Although the records contain pictures, print none of them; print exactly the lines from the one with "Gambar 2. Perspektif Bangunan Sport Center" through the last line.

▸ **Data excerpts**:

BEGIN

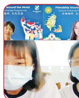
Perwakilan siswa kedua sekolah menyampaikan pidato.
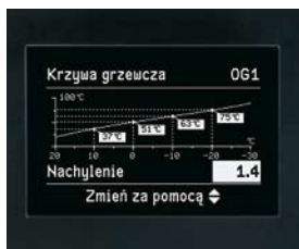
Prosta obsługa regulatora Vitotronic dzięki prowadzeniu użytkownika przez menu i możliwość prezentacji graficznej, np. charakterystyk grzewczych

Kompaktowy, stojący kocioł kondensacyjny z zabudowanym zasobnikiem c.w.u. łądowanym warstwowo lub przez węzownicę grzewczą, o wysokiej wydajności ciepłej wody i wyjątkowo łatwej obsłudze.
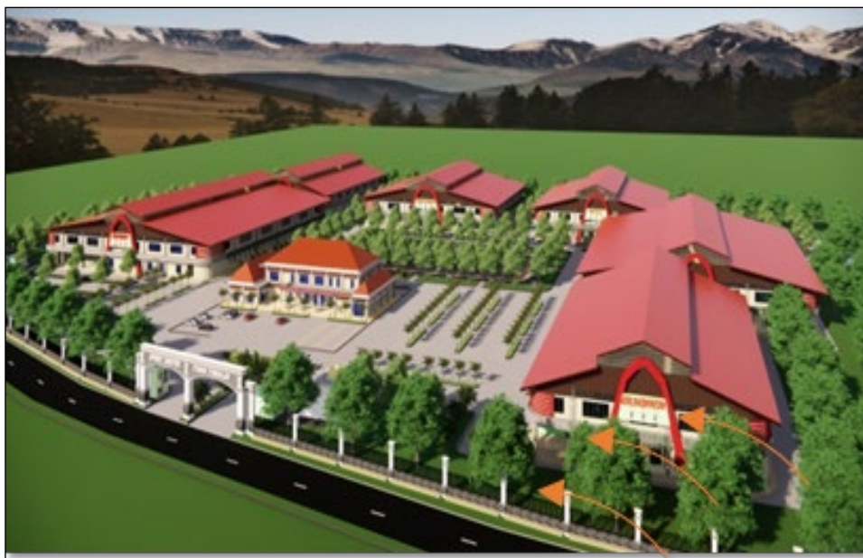
Gambar 2. Perspektif Bangunan Sport Center
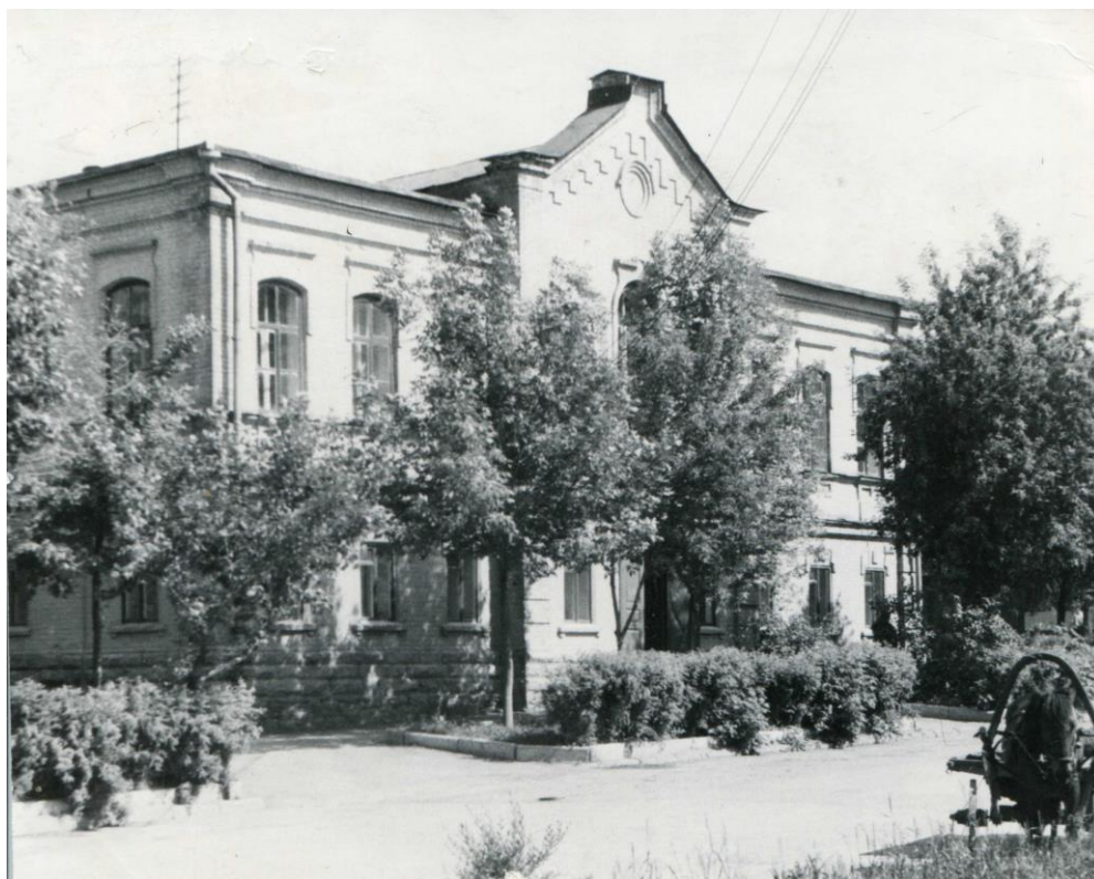
Общий вид здания Дома пионеров и школьников в г.Челябинске на ул. Карла Маркса, 1938

END

▸ **Output for this task**:
Gambar 2. Perspektif Bangunan Sport Center
Общий вид здания Дома пионеров и школьников в г.Челябинске на ул. Карла Маркса, 1938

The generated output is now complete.